Matchbook Distilling Co. 'Late Embers' Sunchoke + Honey Spirit (80 proof)

Matchbook Distilling Co. 'Late Embers' Sunchoke + Honey Spirit (80 proof)

Item Number: 20249

UPC: None

Country: USA
Region: New York
Sub Region: Long Island
Estate Grown Wine: No
Grape(s): Sunchoke / Honey
Type: Spirits - Specialty
Bottle Size: 750 ml
Pack: 6
Closure: T Top
Alc by Vol(%): 40

Sunchokes, smoked and steamed over a fire pit and co-fermented with honey, distill into a spirit richly expressive of its ingredients. Late Embers is smokey, earthy, nutty, and dynamic with notes of pear, black pepper, rose, concrete, chopped wood, and grass after rainfall. Drink it neat. Drink it shaken with some sugar and citrus. Drink it stirred with some vermouth and a bitter.

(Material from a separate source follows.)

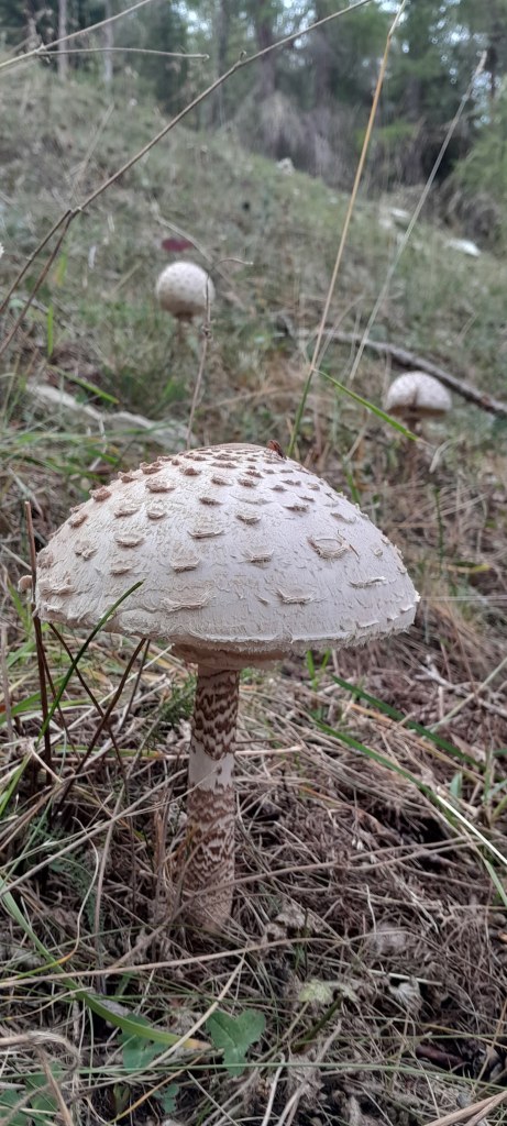 La montagna riprende i suoi colori di inizio autunno e nel bosco la fanno da padrone i funghi, in particolare le buonissime mazze di tamburo, commestibile e ottime impanate. Le lascio nel loro habitat perché sono troppo belle.
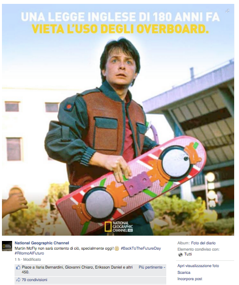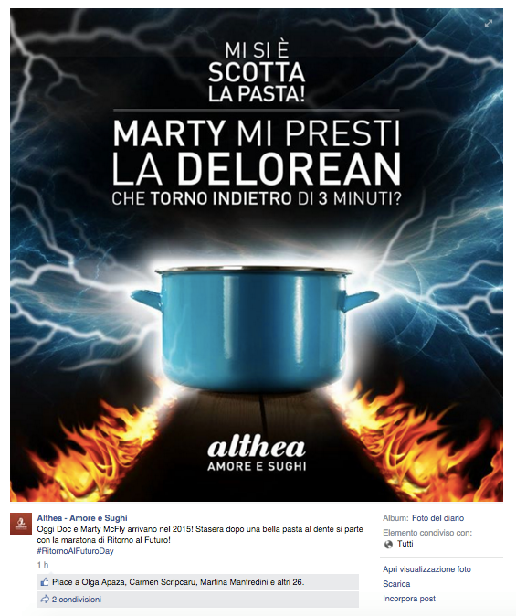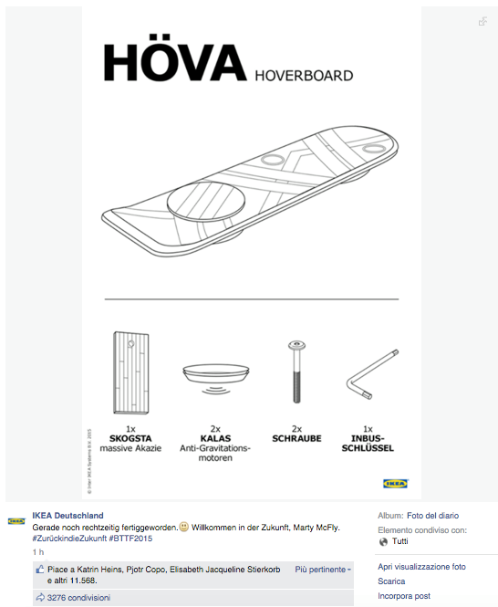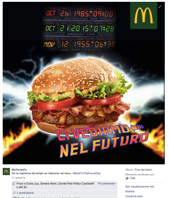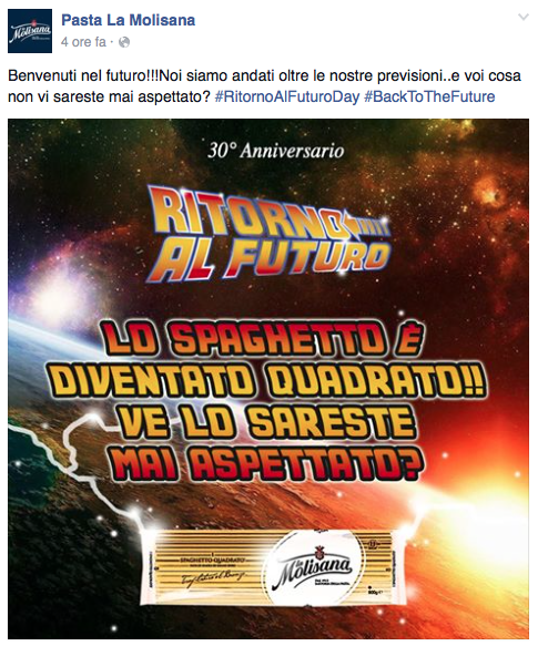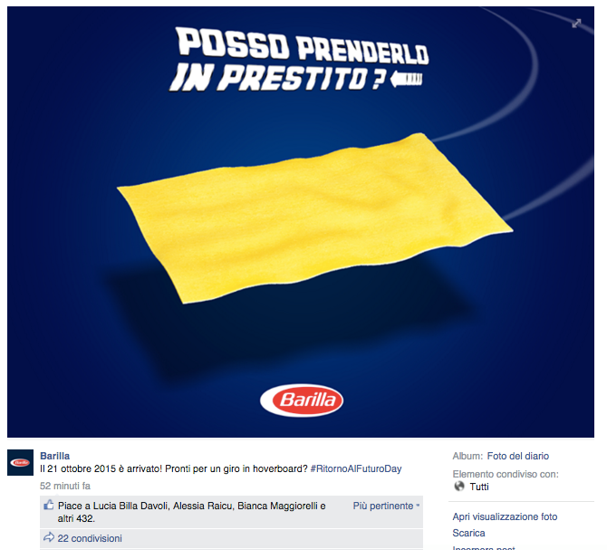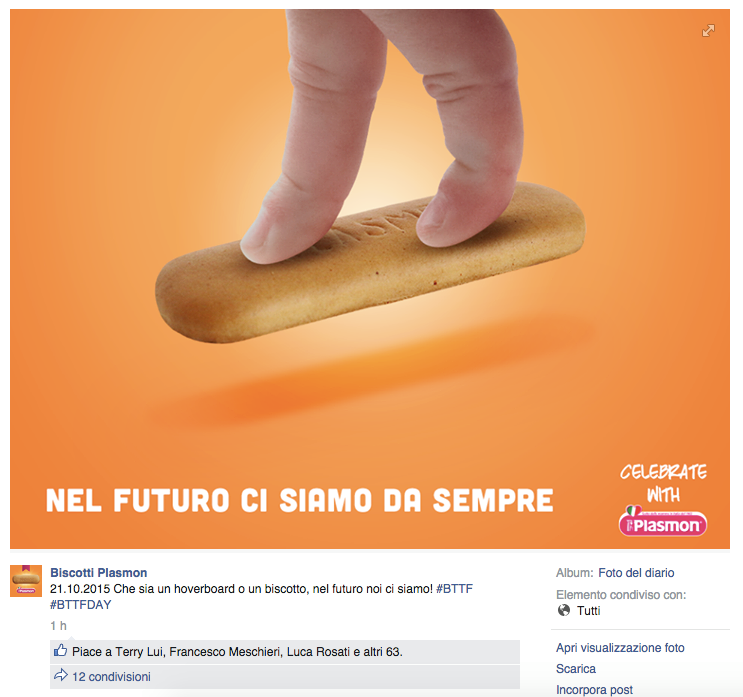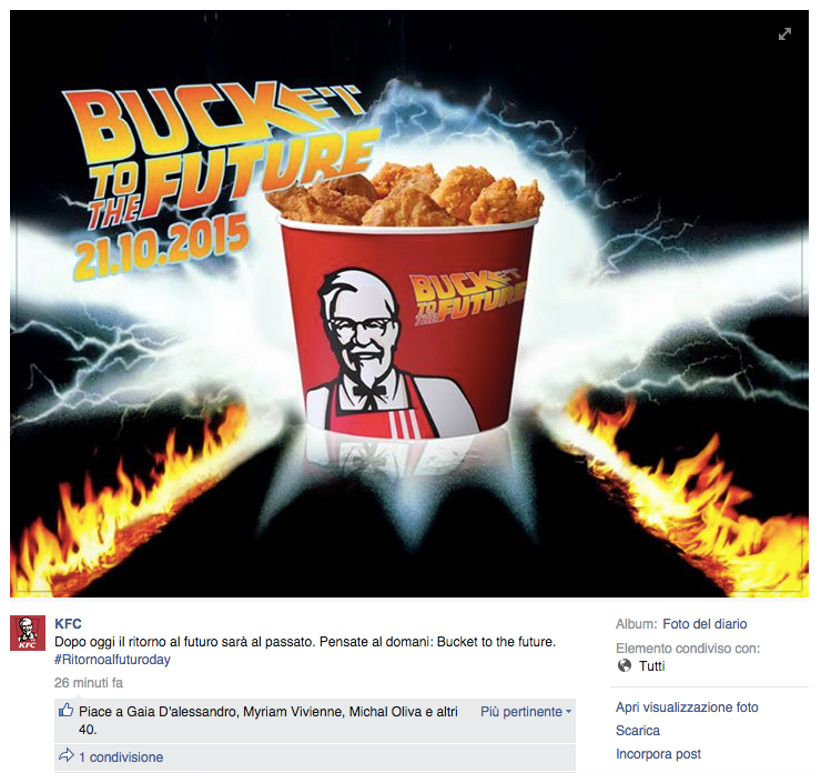 Noi di ViviCreativo vogliamo mostrarvi come i brand si sono comportati oggi, in molti si sono esposti sui social con immagini divertenti e create ad hoc per questa giornata di ritorno al futuro, attraverso vere e proprie operazioni di real time marketing. In tanti hanno voluto utilizzare l’hoverboard come protagonista, paragonando i loro prodotti al famoso skateboard volante, in questo senso è il caso di citare Plasmon, Ikea e Barilla. Con un gioco di lettere KFC propone il suo “Bucket to the Future” pieno di bocconcini di pollo fritto. Il brand Althea vorrebbe una macchina del tempo per tornare indietro di qualche minuto e non scuocere la pasta. Anche Groupon utilizza la DeLorean per proporre una delle sue offerte. Anche noi abbiamo voluto celebrare il Back to the Future Day con un’immagine, cosa ne pensate?

Sunchokes are knotty root vegetables (aka a tuber) that grow like wildfire on Long Island. They love the northeast environment so much, that countless websites warn, if you plant these babies, you better really, really like them. Because they’re perennials, they’ll grow back year, after year. And where you plant one, you might be harvesting 5.

Sunchokes, just like agave plants, are made of chains of fructose molecules called inulin. Because yeast can’t digest inulin, we need to unbind those fructose molecules - a process known as hydrolysis. In Oaxaca, the home of mezcal, agave hearts are smoked, roasted, and baked in giant pits with hot rocks. The agave hearts steam, breaking down the inulin.

Inspired by that process, Matchbook built an earthen fire pit and began roasting 1,800 pounds of local, organically grown sunchokes. Wet burlap sacks were burnt to help increase moisture and build smoke. For the fermentation, some inulinase was added, an enzyme grown by aspergillus (koji) in a lab, to help finish the job of breaking up the fructose chains. Water, local honey, and Champagne yeast were also added. Fermentation lasted one week. The mash was then transferred to the still and ran through a pot and column.